Dame Joanna Margaret Cruickshank, (28 November 1875 – 16 August 1958) was a British military nurse and nursing administrator. She founded Princess Mary's Royal Air Force Nursing Service in November 1918 and served as its first Matron-in-Chief from 1921 until her retirement in November 1930.

==Biography==
Joanna Margaret Cruickshank was born the second daughter of William and Johanna Cruickshank on 28 November 1875 in Murree, India (now in Pakistan). She trained at Guy's Hospital, London, then travelled back to India in 1912 to serve as sister in the Lady Minto Nursing Association.

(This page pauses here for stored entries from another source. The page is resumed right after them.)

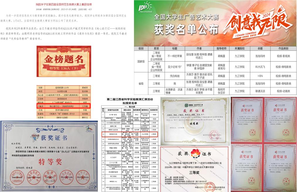 人才培养有质量。学院始终坚持“立德树人”根本任务,围绕培养高素质应用型人才的目标,深化教育教学改革,优化资源配置,提升人才培养质量。近年来,教育学院学子相继在“挑战杯”全国大学生课外学术科技作品大赛中荣获红色专项全国一等奖、江西省特等奖;在全国大学生广告艺术大赛中荣获全国二等奖、江西省一等奖;在中国大学生计算机设计大赛中荣获全国三等奖。百余名学生在全国高校商业精英挑战赛品牌策划竞赛、第五届中华经典诵写讲大赛、“笔墨中国”汉字书写大赛、中国大学生计算机设计大赛、全国大学生广告艺术大赛中获奖。学院毕业生综合能力受用人单位好评。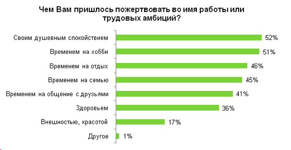 Работа настолько сильно вклинивается в личную жизнь работников, что не позволяет им расслабиться даже по выходным! 52% опрошенных указали, что пожертвовали душевным спокойствием в угоду работе, 51% — временем на хобби, 46% — отдыхом, 45% — семьей и детьми, 41% — общением с друзьями, 36% — здоровьем и 17% — внешним видом!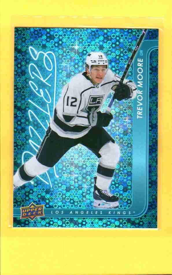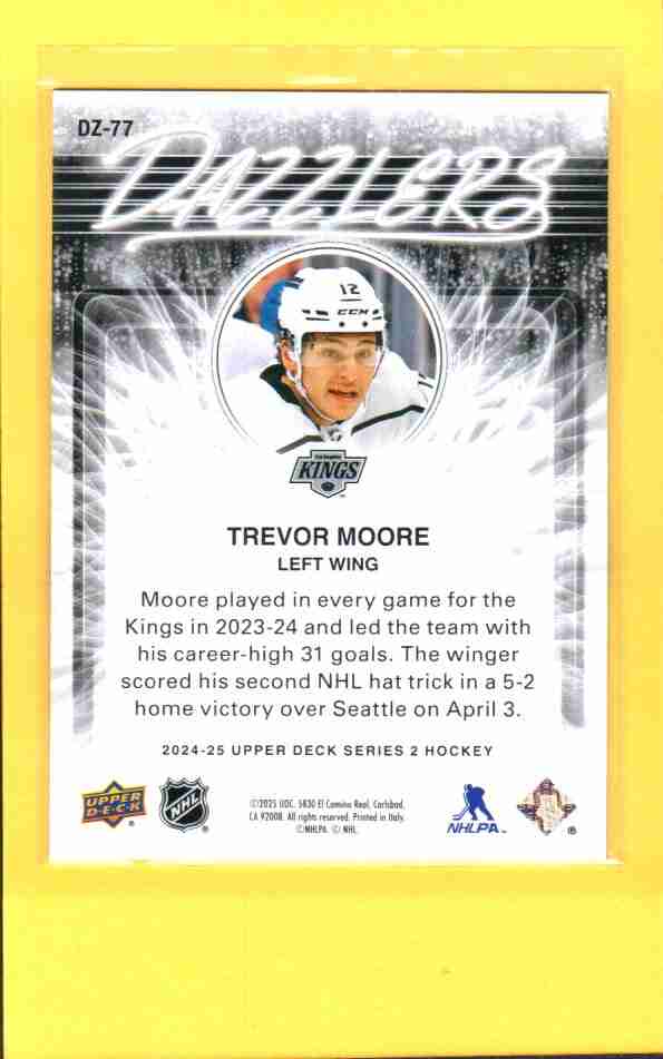Trevor Moore 2024-25 Upper Deck Dazzlers Blue #DZ-77. Bright, flashy foil insert featuring the Kings’ rising scorer after his career-best 31-goal season. Sharp surface, vibrant color—great collectible for LA fans.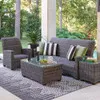 The Tribeca Collection contains concealed cushion seating composed of browns and greys for a versatile look that blends with every style. Each piece in this 3 piece sofa seating group is handwoven with 9mm half round PE synthetic strands of resin wicker, treated with UV inhibitors, over a fully welded, handmade aluminum frame with a multi-step powder-coated finish and supported inner walls. The coffee table includes a tempered 5mm beveled glass top. Sink into the triple-layer construction and quick-drying, concealed reticulated foam cushions of the sofa and club chair and relax in comfort. The cushions, wrapped in PVC texteline to hold their shape, are built-in, so you don't have to worry about securing them or readjusting.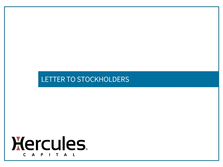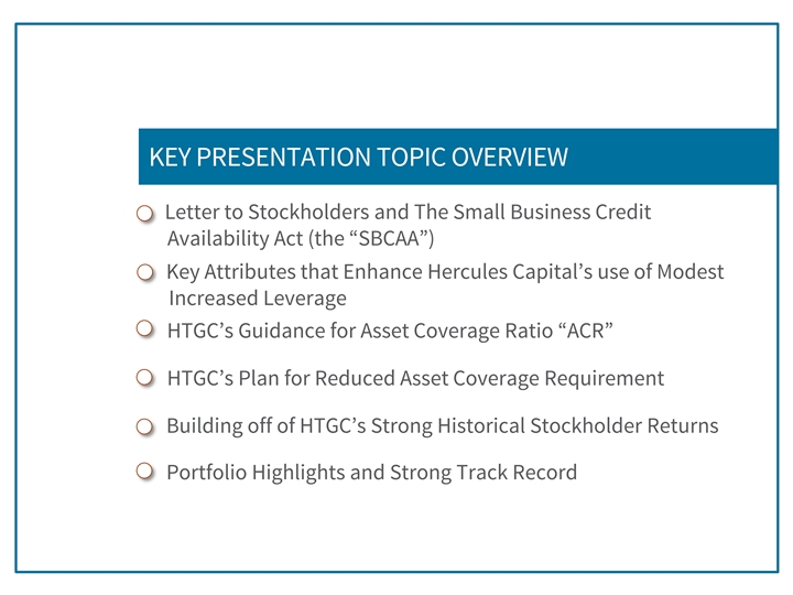 KEY PRESENTATION TOPIC OVERVIEW Letter to Stockholders and The Small Business Credit Availability Act (the “SBCAA”) Key Attributes that Enhance Hercules Capital’s use of Modest Increased Leverage HTGC’s Guidance for Asset Coverage Ratio “ACR” HTGC’s Plan for Reduced Asset Coverage Requirement Building off of HTGC’s Strong Historical Stockholder Returns Portfolio Highlights and Strong Track RecordKEY PRESENTATION TOPIC OVERVIEW Letter to Stockholders and The Small Business Credit Availability Act (the “SBCAA”) Key Attributes that Enhance Hercules Capital’s use of Modest Increased Leverage HTGC’s Guidance for Asset Coverage Ratio “ACR” HTGC’s Plan for Reduced Asset Coverage Requirement Building off of HTGC’s Strong Historical Stockholder Returns Portfolio Highlights and Strong Track Record

In 1917 she joined Queen Alexandra's Imperial Military Nursing Service (QAIMNS). After contracting a malignant form of malaria, and suffering a series of fevers, she was invalided home to Britain in March 1918. She was made a Dame Commander of the Order of the British Empire in 1931.

In 1940, Cruickshank was named Commandant of the Rushen Women's and Married Internees Camp on the Isle of Man; she was later succeeded by Detective Inspector Cuthbert of New Scotland Yard.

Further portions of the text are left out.